> DATA SUPPLIED
#####
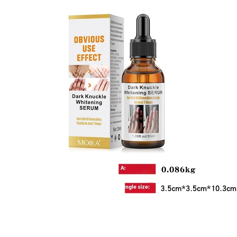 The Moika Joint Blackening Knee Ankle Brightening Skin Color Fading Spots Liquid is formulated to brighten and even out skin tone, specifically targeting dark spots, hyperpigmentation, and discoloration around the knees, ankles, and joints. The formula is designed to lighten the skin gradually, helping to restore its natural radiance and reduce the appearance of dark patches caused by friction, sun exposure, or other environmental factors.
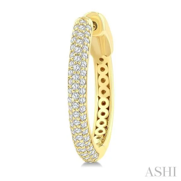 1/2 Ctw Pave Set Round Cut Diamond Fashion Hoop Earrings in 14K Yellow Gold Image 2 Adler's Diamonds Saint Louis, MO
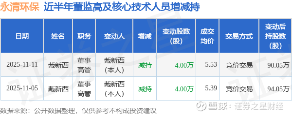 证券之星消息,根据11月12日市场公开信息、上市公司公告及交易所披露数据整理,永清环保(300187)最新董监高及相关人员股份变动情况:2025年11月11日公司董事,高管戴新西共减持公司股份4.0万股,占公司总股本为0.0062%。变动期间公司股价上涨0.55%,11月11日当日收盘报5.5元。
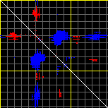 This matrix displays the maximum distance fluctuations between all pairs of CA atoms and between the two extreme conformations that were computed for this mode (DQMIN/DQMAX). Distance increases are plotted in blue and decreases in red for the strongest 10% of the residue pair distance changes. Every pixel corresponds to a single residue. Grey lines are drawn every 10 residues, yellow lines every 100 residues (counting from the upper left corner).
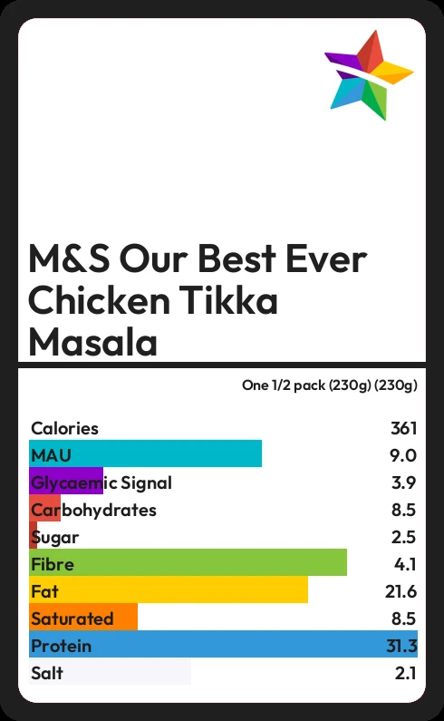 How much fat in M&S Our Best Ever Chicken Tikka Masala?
#####
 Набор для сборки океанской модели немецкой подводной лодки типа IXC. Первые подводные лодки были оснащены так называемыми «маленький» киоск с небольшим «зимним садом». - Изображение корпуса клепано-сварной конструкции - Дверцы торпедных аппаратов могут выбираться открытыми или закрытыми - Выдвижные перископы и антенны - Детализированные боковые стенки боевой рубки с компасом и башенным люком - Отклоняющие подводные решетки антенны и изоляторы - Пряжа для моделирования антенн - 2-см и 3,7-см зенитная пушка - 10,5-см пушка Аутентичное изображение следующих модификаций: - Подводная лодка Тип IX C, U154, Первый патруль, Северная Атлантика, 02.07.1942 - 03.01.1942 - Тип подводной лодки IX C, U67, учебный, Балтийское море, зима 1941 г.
#####
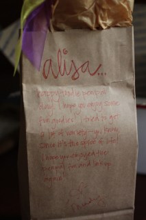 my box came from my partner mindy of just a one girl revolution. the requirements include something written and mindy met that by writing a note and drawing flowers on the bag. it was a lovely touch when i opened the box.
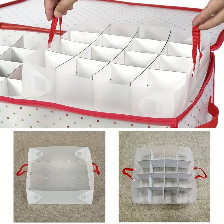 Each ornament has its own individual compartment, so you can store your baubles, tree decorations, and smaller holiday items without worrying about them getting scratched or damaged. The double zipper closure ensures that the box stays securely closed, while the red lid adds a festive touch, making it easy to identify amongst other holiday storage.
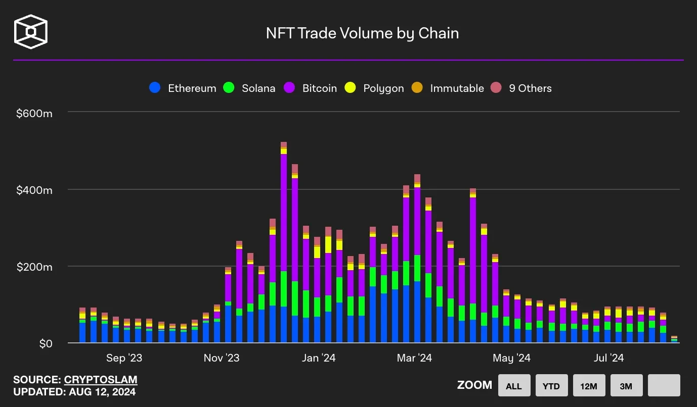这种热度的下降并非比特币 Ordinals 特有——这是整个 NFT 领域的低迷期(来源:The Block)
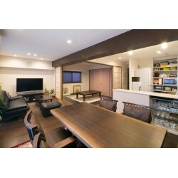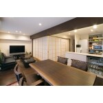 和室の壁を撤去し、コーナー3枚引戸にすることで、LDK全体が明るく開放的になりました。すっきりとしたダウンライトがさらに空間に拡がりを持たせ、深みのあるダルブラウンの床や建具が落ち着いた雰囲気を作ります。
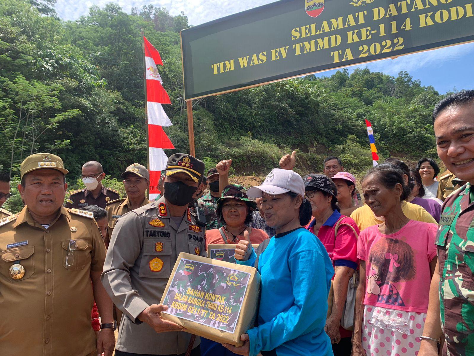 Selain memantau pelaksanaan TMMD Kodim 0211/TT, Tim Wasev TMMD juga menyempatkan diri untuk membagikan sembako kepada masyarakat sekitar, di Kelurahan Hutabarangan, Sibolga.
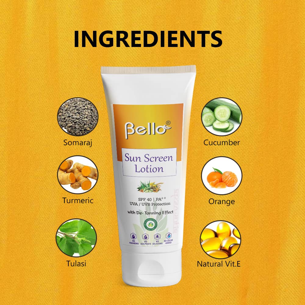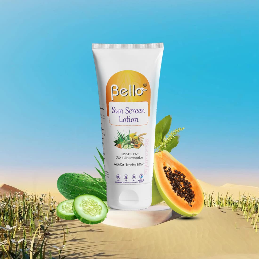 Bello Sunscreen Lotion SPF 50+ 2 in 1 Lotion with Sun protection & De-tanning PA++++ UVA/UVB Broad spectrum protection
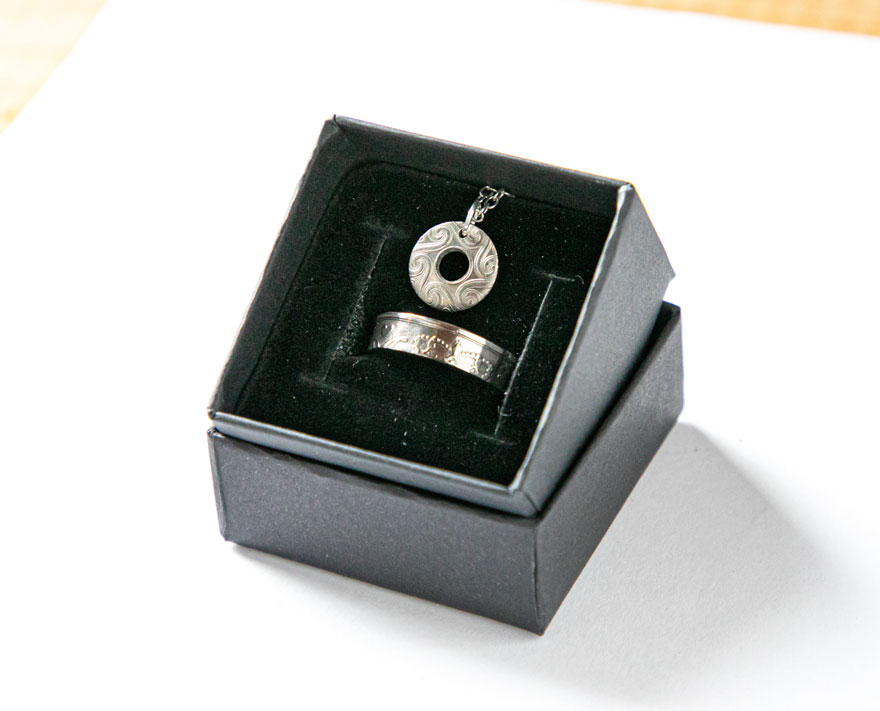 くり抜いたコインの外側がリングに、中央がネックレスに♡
#####
> WHAT THE TASK ASKS
Above, find the line with "Each ornament has"; copy it and every line down to the line with "和室の壁を撤去し、コーナー3", exactly and both included, but no pictures.

> OUTPUT
 Each ornament has its own individual compartment, so you can store your baubles, tree decorations, and smaller holiday items without worrying about them getting scratched or damaged. The double zipper closure ensures that the box stays securely closed, while the red lid adds a festive touch, making it easy to identify amongst other holiday storage.
这种热度的下降并非比特币 Ordinals 特有——这是整个 NFT 领域的低迷期(来源:The Block)
 和室の壁を撤去し、コーナー3枚引戸にすることで、LDK全体が明るく開放的になりました。すっきりとしたダウンライトがさらに空間に拡がりを持たせ、深みのあるダルブラウンの床や建具が落ち着いた雰囲気を作ります。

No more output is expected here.